Blackstone spokeswoman Kate Holderness said almost none of the company’s capital has been in oil exploration or production in the past three years. about 11 billion dollars was allocated to clean energy projects. The company said it aims to reduce its emissions by 15 percent in all new investments where it controls energy use.
Weak disclosure rules mean it is difficult to verify environmental claims in the private equity sector. Blackstone has come under criticism for deals such as purchasing a project to build a new oil pipeline and export terminal in Louisiana. emits more than 500,000 tons of greenhouse gases per year. Ms Holderness said the pipeline will be equipped with real-time emissions detection and monitoring technology.
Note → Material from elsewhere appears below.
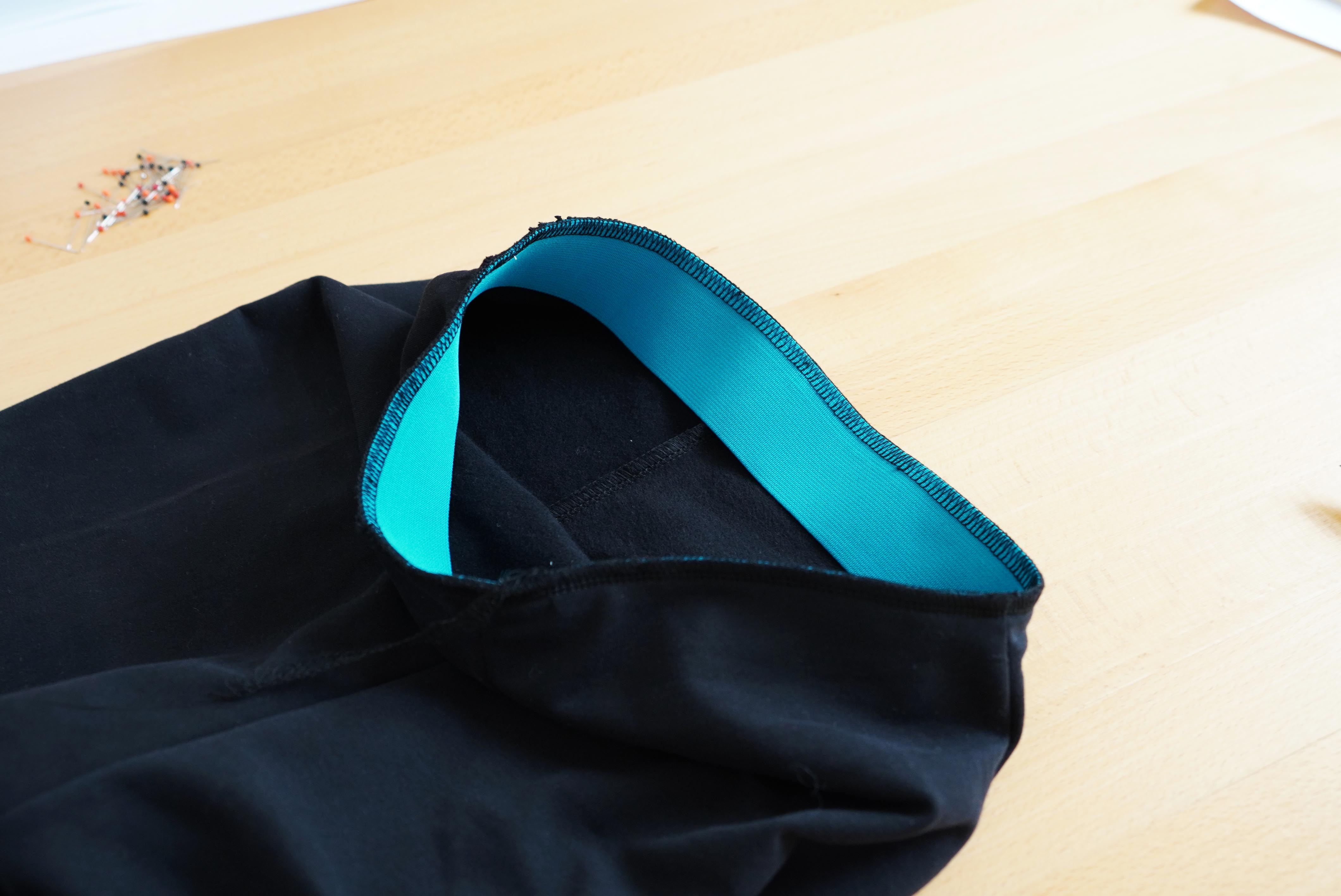 Elastické zvonáče můžete šít na overlocku ale i na běžném šicím stroji. Pokud budete šít na domácím šicím stroji, doporučuji šít pružným stehem (úzkým cikcakem, tříkrokým rovnostehem apod.), aby se vám netrhaly švy. Také doporučuji snížit přítlak patky a lehce povolit napětí spodní nitě, pokud to váš šicí stroj při šití umožňuje.

Groups like the Private Equity Stakeholder Project have urged the Securities and Exchange Commission to force private equity firms to fully disclose the details of their fossil fuel holdings. American Investment Council, trade group, opposed such a move., saying that the current requirements are sufficient, especially since the private equity industry serves relatively sophisticated investors – pension funds or others who have enormous amounts of money to invest and are required to do their own research.
Sophie Shive, associate professor of finance at the University of Notre Dame, said stricter transparency rules will help good private equity firms differentiate themselves in a dark industry and attract new investors. Right now, “bad actors are easier to hide,” he said.